By Staff reporter | 15 Mar 2019 at 08:49hrs
ZESA Holdings' unit, the Zimbabwe Electricity Transmission and Distribution Company (ZETDC), has accumulated a loss of more than $500m due to non-cost reflective tariff, Business Times can report.

The ZETDC has been charging electricity consumers ZWL$0,0986 per kilowatt hour (kWh) since 2011, the last time the power utility was granted a power tariff increase. This has left the company in the red.

Richard Mariwa, ZETDC commercial services manager, told an electricity sector meeting organised in Harare yesterday by the Energy Council of Zimbabwe that the non-cost reflective tariff has resulted in high reliance on borrowings, currently at more than RTGS$1bn.

"…For the past [eight] years, ZETDC has been operating with a non-cost reflective tariff. It's not only sub-economic but ridiculous," Mariwa said, adding that the current tariff was driving away potential investors for critical projects such as reticulation, network refurbishment, and expansion.

"[Investors] will not invest because they will say you are not able to repay because of your non-economic tariff," Mariwa explained. "This has also or will also result in creditors seeking legal action or charging
exorbitant prices. Apart from that, it has resulted in increases in losses for the power utility. We have accumulated loses more than half a billion dollars."

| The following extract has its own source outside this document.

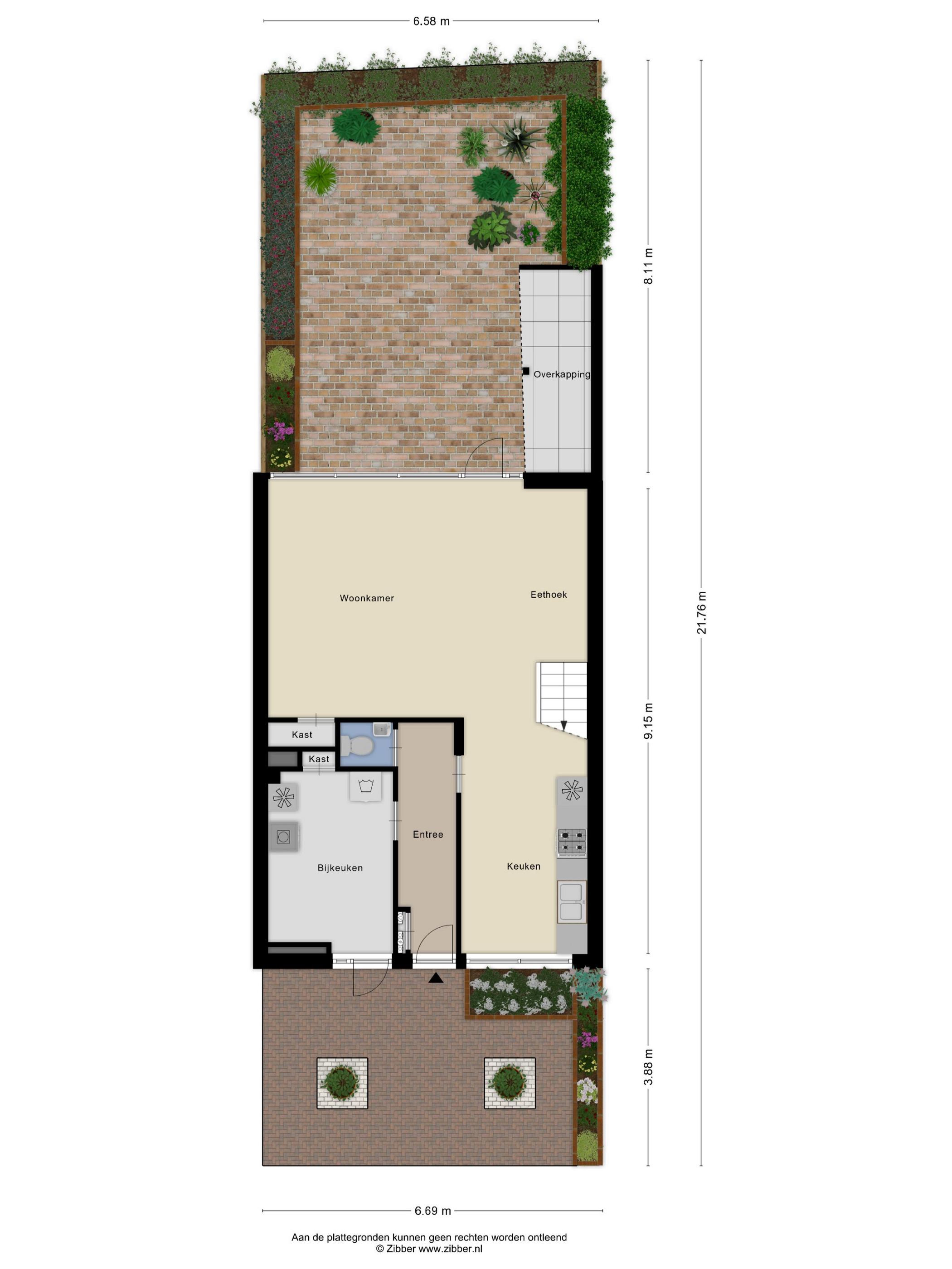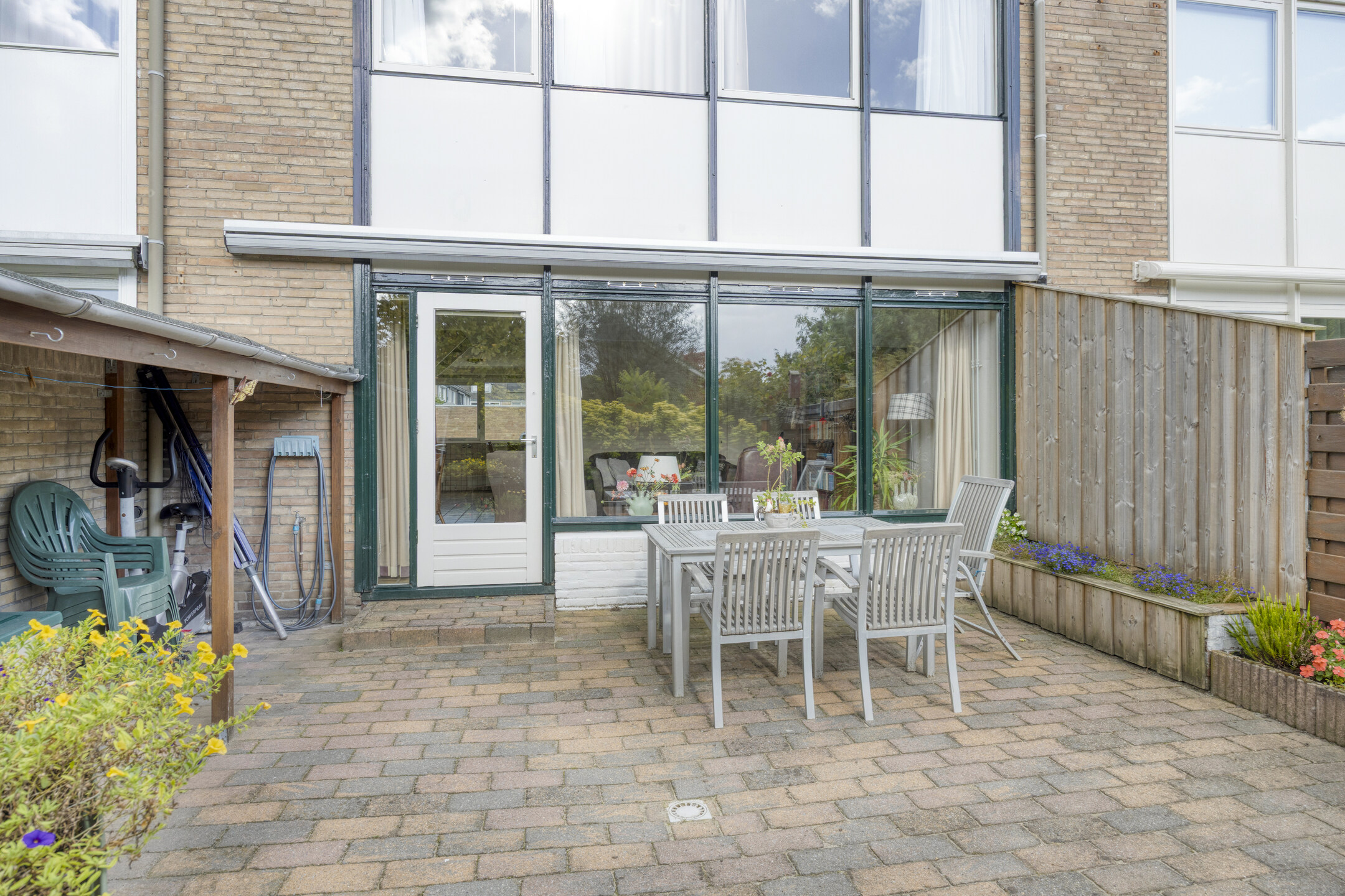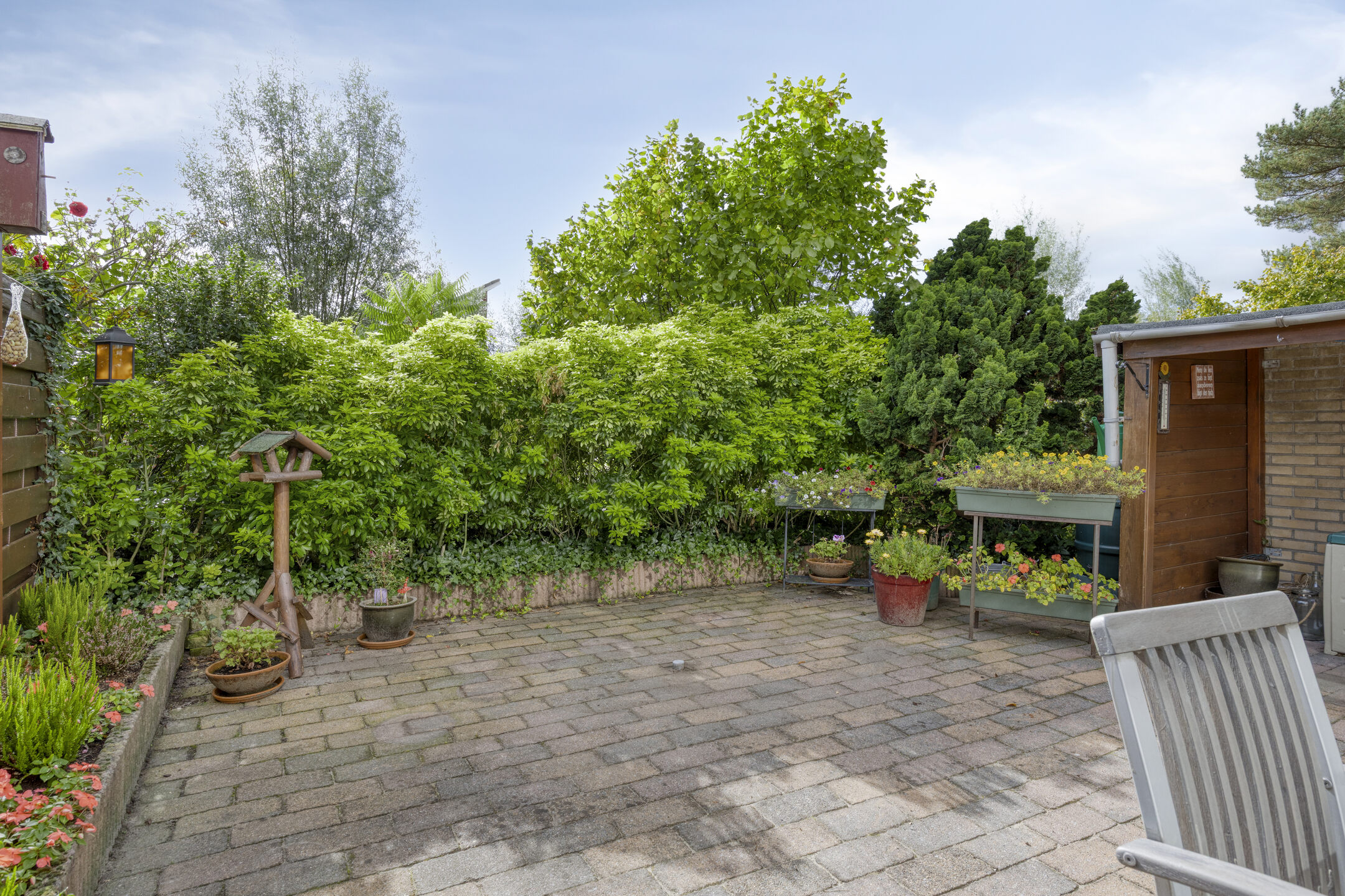 De tuin is volledig betegeld maar toch sfeervol dankzij de groene plantenborders. Het zonnescherm zorgt ervoor dat je ook op warme dagen comfortabel buiten kunt zitten. Daarnaast beschikt de tuin over een kleine overkapping, ideaal voor extra opslag.

Mariwa said ZETDC's status had also been affected, which means the power utility may require a financial bailout in the near future from the government as the company is technically insolvent.

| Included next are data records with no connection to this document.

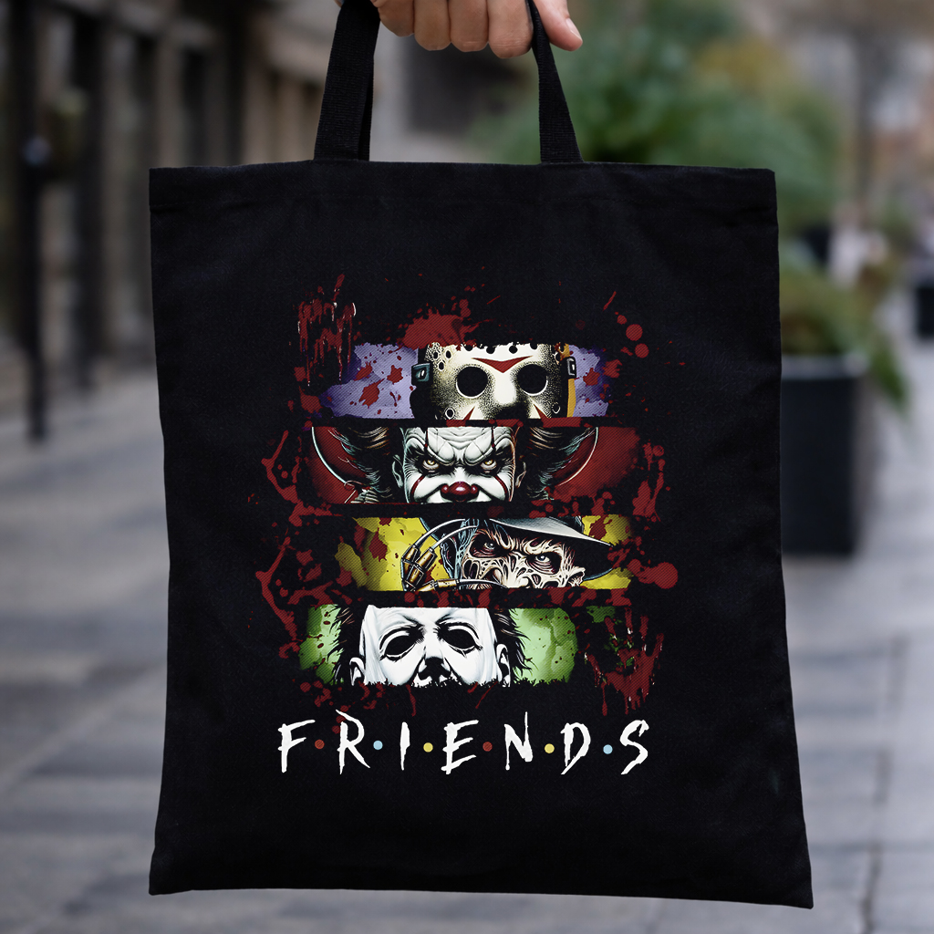 Bolsa tote negra con diseño impactante que mezcla algunos de los personajes más icónicos del cine de terror en un estilo único. Una versión oscura y creativa que juega con el contraste entre lo clásico y lo macabro.
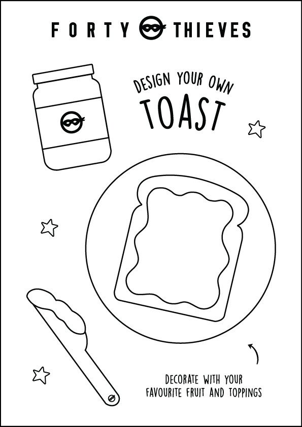 Draw your favourite Forty Thieves nut butter and toppings on this toast.
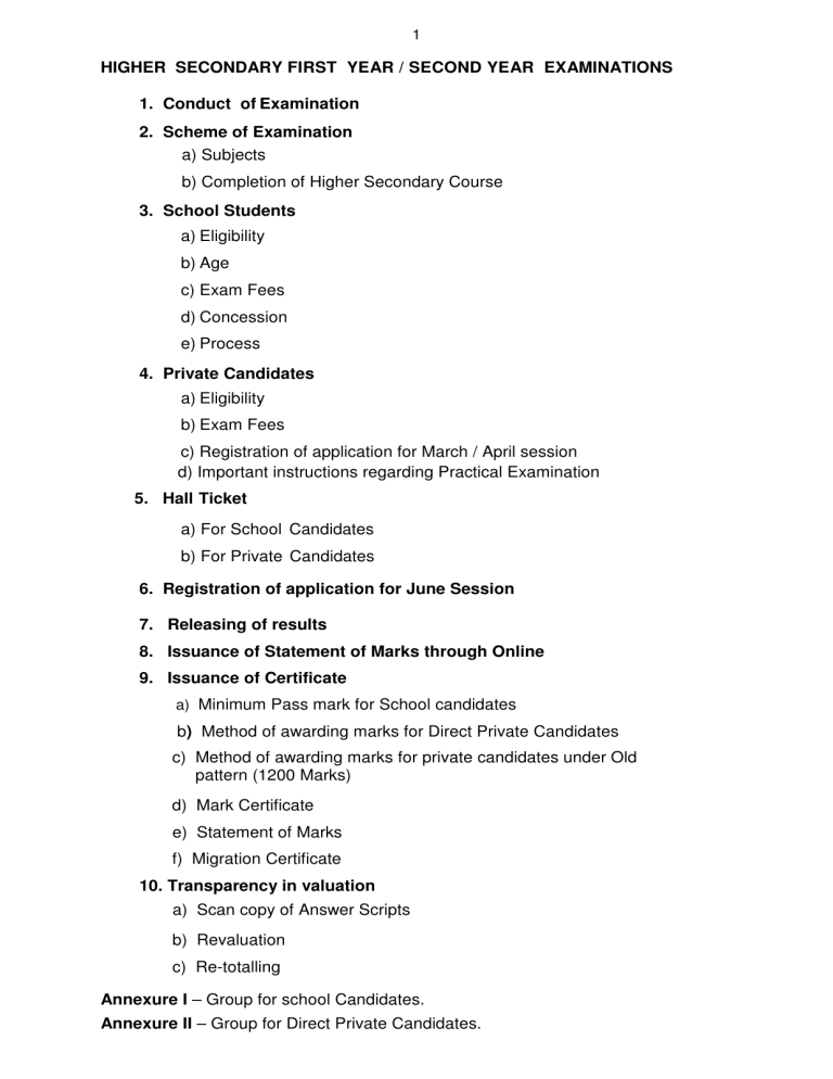 1 HIGHER SECONDARY FIRST YEAR / SECOND YEAR EXAMINATIONS 1. Conduct of Examination 2. Scheme of Examination a) Subjects b) Completion of Higher Secondary Course 3. School Students a) Eligibility b) Age c) Exam Fees d) Concession e) Process 4. Private Candidates a) Eligibility b) Exam Fees c) Registration of application for March / April session d) Important instructions regarding Practical Examination 5. Hall Ticket a) For School Candidates b) For Private Candidates 6. Registration of application for June Session 7. Releasing of results 8. Issuance of Statement of Marks through Online 9. Issuance of Certificate a) Minimum Pass mark for School candidates b) Method of awarding marks for Direct Private Candidates c) Method of awarding marks for private candidates under Old pattern (1200 Marks) d) Mark Certificate e) Statement of Marks f) Migration Certificate 10. Transparency in valuation a) Scan copy of Answer Scripts b) Revaluation c) Re-totalling Annexure I – Group for school Candidates. Annexure II – Group for Direct Private Candidates. 2 1. Conduct of Examination Higher Secondary Examination is conducted twice in a year. 1. Higher Secondary Examinations, March / April 2. Higher Secondary Supplementary Examinations, June / July 2. Scheme of Examination a) Subjects Examination will be conducted for the following subjects on the dates fixed by the Director of Government Examinations. The syllabus and text books are prescribed by the State Council of Educational Research and Training for Higher Secondary First Year / Second Year (State Board). Examination Duration Subjects Part I (Language) 3 hours Permitted languages: Tamil, Hindi, Kannada, Telugu, Malayalam, Urdu, Sanskrit, Arabic, French and German Part II – English 3 hours English Part III – 4 subjects 3 hours Any four subjects from the group of General Stream or Vocational Stream. List of Groups i. For School students – Annexure I ii. For Direct Private candidates Annexure II. • Permitted medium for Part III subjects are Tamil, Telugu, Malayalam, Kannada, Urdu & English. • Question papers will be provided only in Tamil and English. However for the Ten subjects such as Physics, Chemistry, Biology, Botany, Zoology, Mathematics, History, Commerce, Economics and Accountancy question papers will also be provided in Telugu, Kannada, Malayalam and Urdu medium. 3 b) Completion of Higher Secondary course: • Those students who have not passed in any subject in XI standard are still eligible to continue for the Higher Secondary Second year course. • For Higher Education, the candidates should have passed in all the subjects of XI and XII Standard Examinations. 3. School students a) Eligibility A Pass in SSLC or equivalent examination. They should have studied in a recognized School. b) Age Candidates should have completed the age of 15 on or before the 1st day of the month in which the Higher Secondary First year Examination is to be held. c) Exam Fees Exam fees a) For groups involving subjects with practical Amount (Rs.) 200/- b) For groups involving subjects without practical 150/- c) Mark Certificate 20/- d) Service Charges 5/- d) Concessions Category Tamil medium candidates studying all type of schools. Concession in All Tamil medium candidates are exempted from paying the exam fee Other than Tamil medium - SC / SCA / ST / SC converts (SS) / MBC / DNC candidates studying in Govt. and Govt. aided schools Exam fee exemption Other than Tamil medium - OBC / BC / BCM candidates studying in Govt. and Govt. aided schools (whose parental income does not exceed Rs.2,00,000/-) Exam fee exemption Blind candidates (i) Fee exemption (ii) Appointment of Scribe (iii) Extra one hour time for writing the exams 4 Physically challenged candidates, Paralytic attacked candidates, locomotors disability due to accident (i) Appointment of Scribe Mentally Retarded candidates (i) Appointment of Scribe. (ii) Extra one hour time for writing the exams (ii) Extra one hour time for writing the exams (iii) Exemption for any one of the languages (Part I or Part II) Deaf & Dumb candidates (i) Fee exemption (ii) Extra one hour time for writing the exams. (iv) Exemption for any one of the languages (Part I or Part II) Dyslexia candidates / Neurotics (i) Appointment of Scribe (ii) Extra one hour time for writing the exams (iii) Exemption for any one of the language (Part I or Part II) (iv) Overlooking of spelling errors. (v) Permitted to use calculator G.Os of concession to the Differently abled candidates are published in this website www.dge.tn.gov.in under Government Orders. e) Process The heads of the school should upload the Nominal Roll i.e. the particulars of the pupils who are appearing for the public examination from their schools in the prescribed format in the website of this Directorate on the dates announced by the Directorate of Government Examinations. 4. Private Candidate : a) Eligibility Higher Secondary Examination for Private candidates will be held during March / April and Supplementary Examination is being conducted during June / July. Notification will be issued by this Department in dailies. Private Candidates applying for Higher Secondary Examination are classified under two categories as detailed below : 5 1.HIGHER SECONDARY FIRST YEAR EXAMINATION Regular Private candidates (H) Failed Candidates who have once Registered for the earlier session of Higher Secondary First year Examination may apply for the failed or absented subjects in the same group Eligibility criteria: Direct Private candidates (HP) (Candidates applying for Higher Secondary First year Examination for the first time) 1. For candidates who have appeared for the SSLC Public examination and have secured 35% of marks in each of the subjects prescribed for the SSLC Public examination (X) or who have passed any other examination which is equivalent to SSLC Examination or Other State Boards are eligible to apply. 2. Candidates who have passed their SSLC Examination in other s

"This also results in us delaying in attending to faults due to resource incapacitation," Mariwa continued. "We have also deferred planned maintenance, which results in unreliable supply of electricity. We also lose potential revenue as a result of faults."

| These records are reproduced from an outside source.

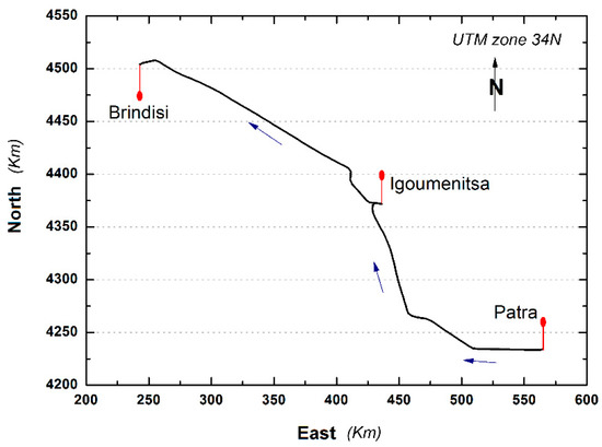 The data obtained from the GNSS recordings were classified into separate routes illustrated in Table S1. Each route corresponds to a passage of the ship in the line Patra–Igoumenitsa–Brindisi or Brindisi–Igoumenitsa–Patra. These 142 routes were solved by all six reference stations (Figure 4). However, fifteen routes were not used because they could not be resolved by the base stations, as they showed unresolved uncertainties. Moreover, seven additional routes cannot be solved by the LECC station. Thus, 120 of the 142 routes were finally utilized. For improving the accuracy of the results, a static solution of the six reference stations and a correction of their coordinates were completed prior to carrying out the kinematic solution. Figure 9 depicts the horizontal coordinates of the ship’s principal route as solved by the PONT-based D-GNSS method (see also Figure 4).
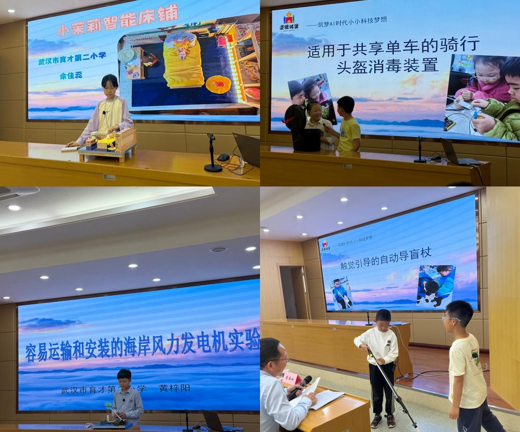 当日下午,集聚区还举办了青少年人工智能作品路演。来自武汉育才二小、武昌区中山路小学等10所学校的少年创客团队,带着他们的7项发明成果闪亮登场。有通过超声波传感器与震动反馈系统为视障人士提供精准导航的《触觉引导自动导盲杖》、有运用AI视觉算法实时监测用眼距离的《便携式防近视智能眼镜夹》,还有通过多种传感器主动监测识别实现辅助入睡的《使用白噪音的雨天模拟助眠系统》。
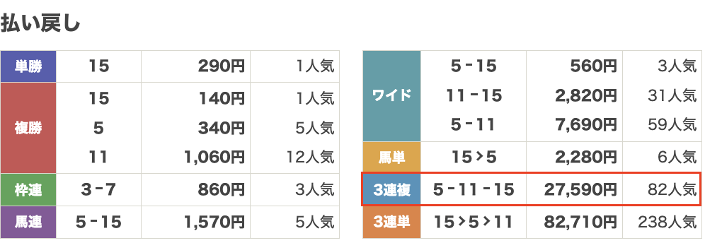 500円ずつの10点買い(計5,000円)が、払い戻し15,520円×5=77,600円に化けました。無料情報でこれだけの配当を取れるなら、試さない理由がないと思います。
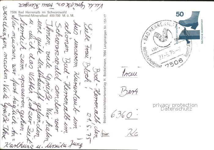72551613 alte Postkarte Bad Herrenalb Thermal Mineralbad Kirche Panorama postalisch gelaufen Erhaltung siehe scans [KathaD79] KatCode: 11110008235033

The sub-economic tariff, he said, was not enough to pay for the power generator (mainly the Zimbabwe Power Company).

"Our network is also constrained in terms of power evacuation, meaning our network is not reliable at the moment. The network is very old," Mariwa said. "The system has gone for many years without being changed. So its capacity has gone above its design capacity, especially the cables. We have no resources to replace the cables because of the non-cost reflective tariff."

As a result, the company's suppliers charge exorbitant prices to factor in delay in payment. This means some suppliers resort to legal action.

Worse, the ZETDC is struggling to collect about ZWL$1.07bn owed it by defaulters. The biggest culprits are local authorities and domestic consumers who respectively owe ZWL$344m or 32% and ZWL$263m or 24 percent of the total debt.

Farmers come third, owing the ZETDC ZWL$124m or 12%, industry come fourth owing ZWL$97m or 9%, mining follows with ZWL$81m or 8% of debt, parastatals owe ZWL$45m or 4% of the debt, and other government departments owe ZWL$21m or 2% of the total debt.

This means the power utility is grappling with negative working capital, and is losing a huge amount of electricity during transmission.

It is also battling high maintenance costs and low reliability of supply due to its aged infrastructure. Currently the ZETDC has a critical shortage of transformers, resulting in the company losing about ZWL$9m a year in potential revenue.

In recent years, Mariwa said, the ZETDC has been pushing for a tariff increase but the government has been turning down its proposals.

ZESA maintained the 2011 tariff despite the fact that the Confederation of Zimbabwe Industries successfully challenged the ZWL$0.0986 per kWh tariff at the Administrative Court.

ZESA maintained the tariff regime after appealing to the Supreme Court, saying the junior court judgement would open the floodgates of lawsuits from consumers who had paid bills based on the new tariff. A court ruling on the ZESA appeal has not yet been made.

ZESA is pushing for a 52% tariff increase to ZWL$0.15 per kWh to help in the maintenance of the electricity infrastructure and in the importation of electricity due to low local generation. But the government recently rejected ZESA's proposals.